- Church: Catholic Church
- Diocese: Diocese of Dromore
- In office: 20 November 1975 – 4 June 1999
- Predecessor: Eugene O'Doherty
- Successor: John McAreavey

Orders
- Ordination: 19 June 1949
- Consecration: 25 January 1976 by William Conway

Personal details
- Born: 14 January 1924 Rathfriland, County Down, Northern Ireland, United Kingdom
- Died: 4 September 2010 (aged 86)

= Francis Gerard Brooks =

Catholic bishop

Francis Gerard Brooks (14 January 1924 – 4 September 2010) was the Catholic Bishop of the Diocese of Dromore, Northern Ireland.

==Biography==
Born in Rathfriland, County Down, he was confirmed 22 April 1934 in Barnmeen Church, Drumgath Parish before proceeding first to the Abbey Christian Brothers' Grammar School, then St Colman's College, Newry where eventually he was appointed Head Prefect, for his secondary education.

In 1942 he entered St Patrick's College, Maynooth to begin his studies for the priesthood, where he graduated with a BSc (in mathematical science) in 1945 and again with a Bachelor of Divinity in 1948. He was ordained Priest 19 June 1949.

After ordination he pursued post-graduate studies in Rome, achieving his Doctorate in Canon Law in June 1952. Dr Brooks was appointed in the autumn of 1953 to the staff of St. Colman's College, where he taught Science, Geography and Mathematics. He was appointed College President in 1972 and in the same year a Canon of the Cathedral Chapter.

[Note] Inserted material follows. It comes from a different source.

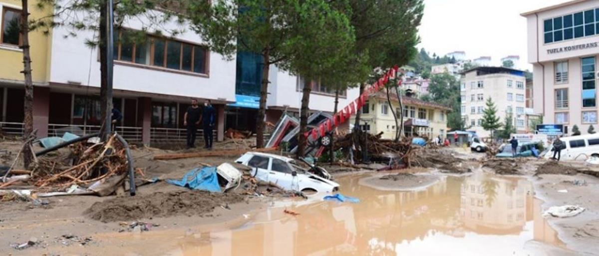 Εικόνες από τη βόρεια επαρχία Γκιρεσούν (Κερασούντας), έπειτα από ασυνήθιστα σφοδρές βροχοπτώσεις, δείχνουν τα νερά να παρασύρουν κτίρια και οχήματα σ’ έναν δρόμο.

His appointment as Bishop was made public on 20 November 1975, and he received episcopal ordination on 25 January 1976. The principal consecrator was Cardinal William Conway; the principal co-consecrators were the Papal Nuncio Archbishop Gaetano Alibrandi and Bishop Eugene O'Doherty, the retiring bishop of the diocese.

In early 2018 it became known that Bishop Brooks had failed, on more than one occasion, to stop the behaviour of his paedophile colleague on the staff of St. Colman's College, preferring instead a "pastoral" approach.

Brooks retired on 4 June 1999, and was succeeded by John McAreavey. He remained as Bishop Emeritus of the Diocese of Dromore until his death on 2 September 2010, aged 86. At his funeral Mass his successor John McAreavey observed that "his life was touched often by the Troubles; the violence and suffering of many people in the diocese in those years affected him deeply. The discouragement of those years weighed heavily upon him."